## Decompilation into Logic

### What?

By *decompilation into logic*, or simply *decompilation*, we
mean proof-certified translation of concrete machine code into
functional programs defined in the logic of a theorem prover.

### Why?

Decompilation is easily coded up as a tool, *a decompiler*, which
significantly simplifies verification of machine-code
programs. Instead of having to read and reason about machine code, the
verifier can, with the aid of a decompiler, reason about relatively
clean functional programs. Properties proved of these functional
programs carry over to the real machine code via theorems that the
decompiler proves when it extracts the functional programs: any
behaviour of the extracted functions is also the behaviour of the
machine code.

Decompilation can also be used to implement proof-producing synthesis tools and binary translators. Synthesis tools take as input a functional program and synthesise machine code which it proves has exactly the behaviour of the given input function. Binary translators take machine code for one architecture as input and produce machine code for a different architecture as output, with the output being guaranteed to have exactly the same behaviour of the original machine code.

### How?

We implement decompilation as a fully automatic proof tool within an interactive theorem prover (HOL4 in our case). The proofs it produces are based on detailed models of the instruction set architecture (ISA) of the machine language. We parametrise the decompiler by the underlying ISA model, i.e. the same decompiler can be used for multiple different ISAs.

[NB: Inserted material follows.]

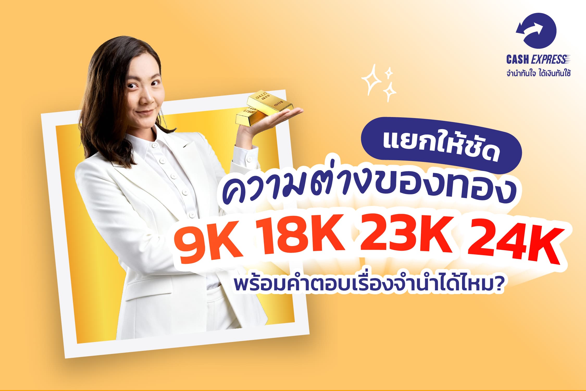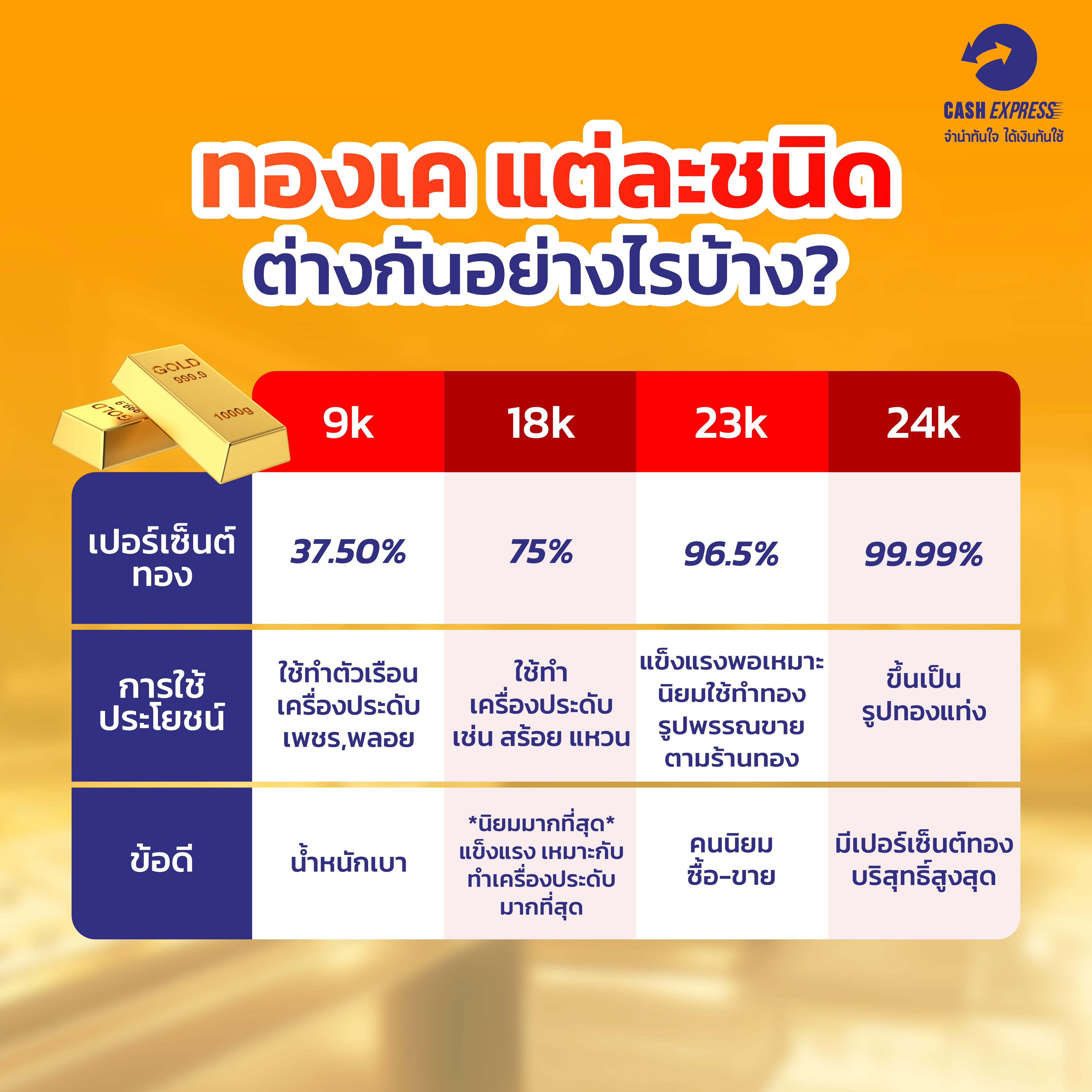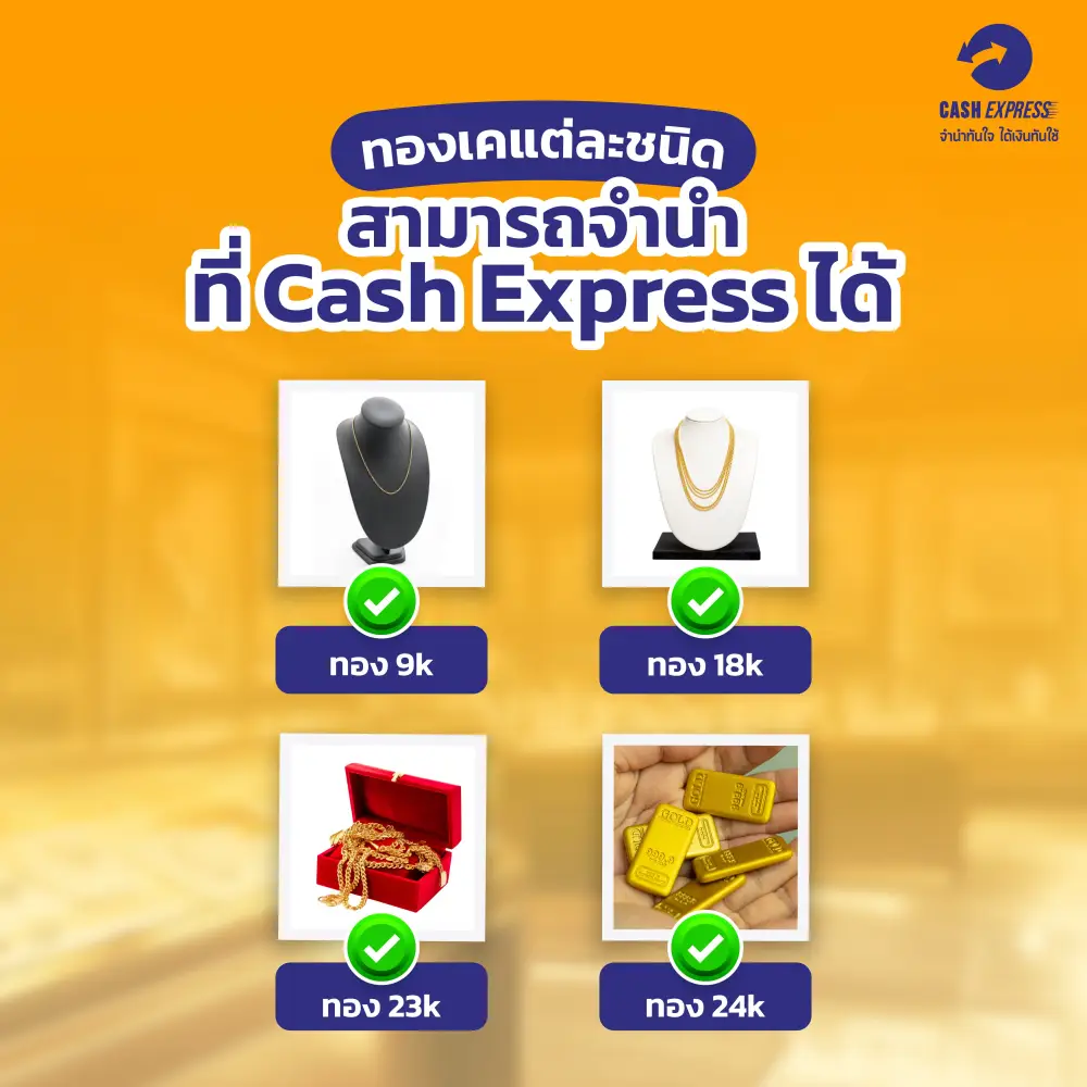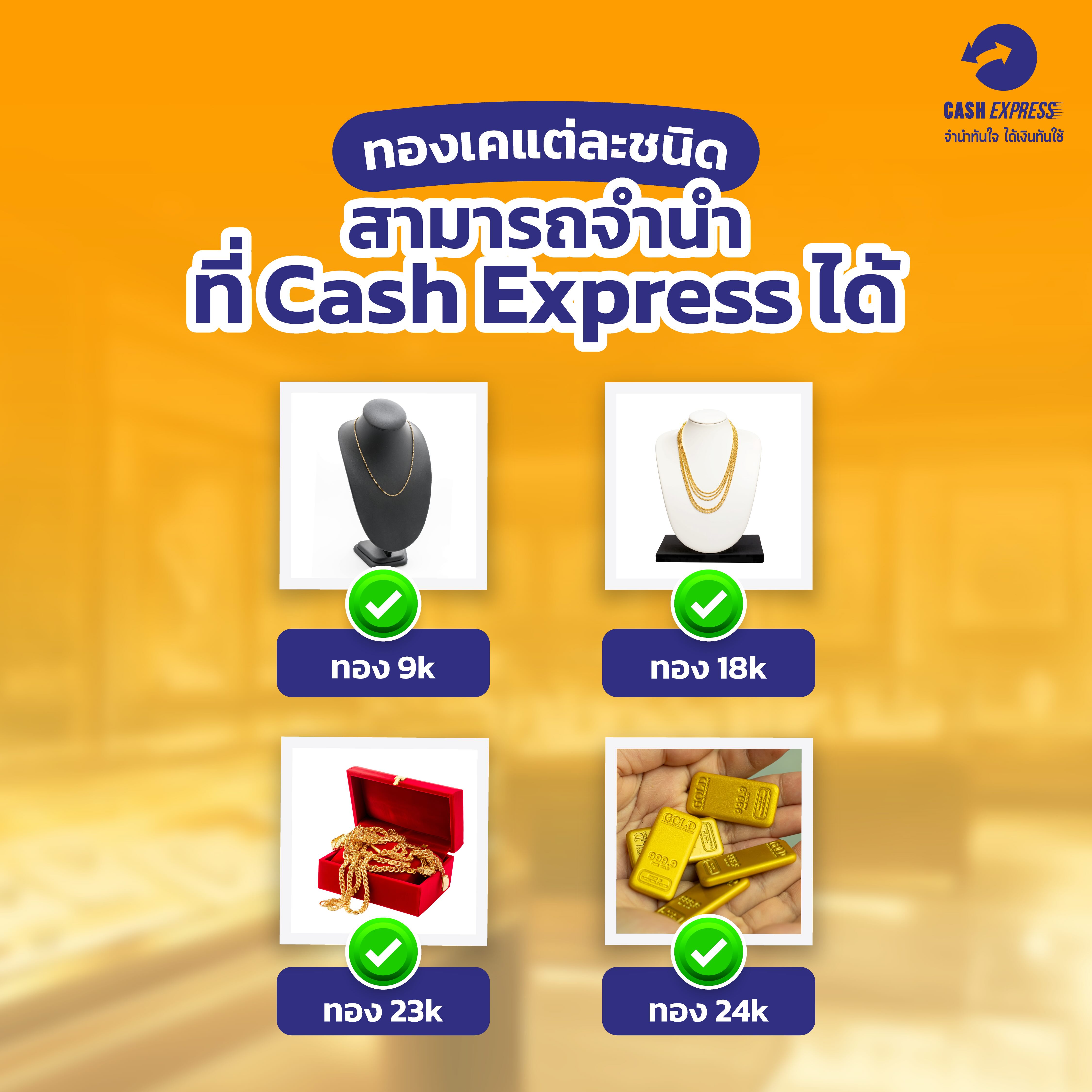 ทองเคแต่ละชนิดสามารถจำนำที่ Cash Express ได้

Our initial approach to decompilation was based on automating proofs in a general-purpose Hoare logic for machine-code programs. Since then, we have refined the approach and made it significantly simpler, faster and more generally applicable. The new and improved version is described in the following paper.

Magnus O. Myreen, Michael J. C. Gordon and Konrad Slind.

Decompilation into Logic — Improved.

Submitted, 2012.

AbstractThis paper presents improvements to a technique which aids veriﬁcation of machine-code programs. This technique, called decompilation into logic, allows the veriﬁer to only deal with tractable extracted models of the machine code rather than the concrete code itself. Our improvements make decompilation simpler, faster and more generally applicable. In particular, the new technique allows the veriﬁer to always avoid tedious reasoning directly in the underlying machine-code Hoare logic or the model of the instruction set architecture. The method described in this paper has been implemented in the HOL4 theorem prover.

BenchmarksThe implementation that was used to produce the benchmarks presented in this paper are available in benchmarks.zip with instructions on how to build them.